PROBLEM DETAILS - After locating the line that contains "아래 꽃잎 하나가 유난히 크다. 그래서 큰꽃잎차풀이란 이름을 얻었다." in the data below, set down exactly that line and each one after it through the line that contains "Ye Live Concert", and nothing more.

SOURCE MATERIAL -
---+---
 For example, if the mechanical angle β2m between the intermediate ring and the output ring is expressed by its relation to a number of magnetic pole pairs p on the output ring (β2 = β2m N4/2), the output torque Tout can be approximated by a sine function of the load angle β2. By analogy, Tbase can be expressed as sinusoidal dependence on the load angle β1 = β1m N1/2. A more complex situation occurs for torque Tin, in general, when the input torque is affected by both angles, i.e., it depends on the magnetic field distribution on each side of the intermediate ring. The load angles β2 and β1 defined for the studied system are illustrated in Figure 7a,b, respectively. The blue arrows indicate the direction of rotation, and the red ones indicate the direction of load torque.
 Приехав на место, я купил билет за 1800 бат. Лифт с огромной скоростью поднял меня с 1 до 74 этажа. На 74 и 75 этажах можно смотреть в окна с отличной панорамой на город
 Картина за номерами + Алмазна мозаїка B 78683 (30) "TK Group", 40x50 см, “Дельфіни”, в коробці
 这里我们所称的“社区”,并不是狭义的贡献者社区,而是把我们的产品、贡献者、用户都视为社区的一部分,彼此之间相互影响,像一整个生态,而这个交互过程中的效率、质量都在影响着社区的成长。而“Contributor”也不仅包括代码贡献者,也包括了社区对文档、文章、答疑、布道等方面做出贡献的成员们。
---+---
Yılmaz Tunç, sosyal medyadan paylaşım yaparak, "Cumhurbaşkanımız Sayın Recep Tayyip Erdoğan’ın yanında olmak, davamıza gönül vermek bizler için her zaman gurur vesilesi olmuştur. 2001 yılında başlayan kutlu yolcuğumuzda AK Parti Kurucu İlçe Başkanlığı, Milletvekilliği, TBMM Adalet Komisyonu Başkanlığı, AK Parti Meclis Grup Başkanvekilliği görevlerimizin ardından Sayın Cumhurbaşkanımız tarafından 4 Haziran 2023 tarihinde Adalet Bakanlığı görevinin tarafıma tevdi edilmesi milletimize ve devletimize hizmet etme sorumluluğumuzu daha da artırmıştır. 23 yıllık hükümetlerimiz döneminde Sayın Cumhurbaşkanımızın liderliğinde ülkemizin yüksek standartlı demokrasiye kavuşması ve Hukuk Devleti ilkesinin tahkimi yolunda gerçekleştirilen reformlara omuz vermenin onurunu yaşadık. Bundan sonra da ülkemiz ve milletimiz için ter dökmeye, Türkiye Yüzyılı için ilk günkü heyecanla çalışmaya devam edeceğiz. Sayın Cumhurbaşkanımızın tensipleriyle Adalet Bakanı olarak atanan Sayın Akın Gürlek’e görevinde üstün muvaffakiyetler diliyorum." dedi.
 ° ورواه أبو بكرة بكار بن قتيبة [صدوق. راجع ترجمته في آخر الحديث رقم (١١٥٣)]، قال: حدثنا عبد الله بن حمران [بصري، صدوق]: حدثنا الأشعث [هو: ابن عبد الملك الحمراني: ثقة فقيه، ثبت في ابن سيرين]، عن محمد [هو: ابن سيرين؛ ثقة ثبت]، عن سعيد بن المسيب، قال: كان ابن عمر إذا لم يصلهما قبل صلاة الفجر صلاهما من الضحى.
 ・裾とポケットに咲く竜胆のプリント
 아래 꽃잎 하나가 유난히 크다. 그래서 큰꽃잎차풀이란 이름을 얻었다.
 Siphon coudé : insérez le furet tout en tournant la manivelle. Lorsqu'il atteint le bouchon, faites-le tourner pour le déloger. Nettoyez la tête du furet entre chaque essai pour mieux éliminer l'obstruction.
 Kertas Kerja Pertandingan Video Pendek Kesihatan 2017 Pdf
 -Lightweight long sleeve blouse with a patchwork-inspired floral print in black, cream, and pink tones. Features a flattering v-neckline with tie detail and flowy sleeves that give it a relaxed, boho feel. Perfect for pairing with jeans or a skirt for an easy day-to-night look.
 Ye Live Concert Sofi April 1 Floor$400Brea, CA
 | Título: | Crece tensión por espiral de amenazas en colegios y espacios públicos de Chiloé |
---+---
RESULT BELOW -
 아래 꽃잎 하나가 유난히 크다. 그래서 큰꽃잎차풀이란 이름을 얻었다.
 Siphon coudé : insérez le furet tout en tournant la manivelle. Lorsqu'il atteint le bouchon, faites-le tourner pour le déloger. Nettoyez la tête du furet entre chaque essai pour mieux éliminer l'obstruction.
 Kertas Kerja Pertandingan Video Pendek Kesihatan 2017 Pdf
 -Lightweight long sleeve blouse with a patchwork-inspired floral print in black, cream, and pink tones. Features a flattering v-neckline with tie detail and flowy sleeves that give it a relaxed, boho feel. Perfect for pairing with jeans or a skirt for an easy day-to-night look.
 Ye Live Concert Sofi April 1 Floor$400Brea, CA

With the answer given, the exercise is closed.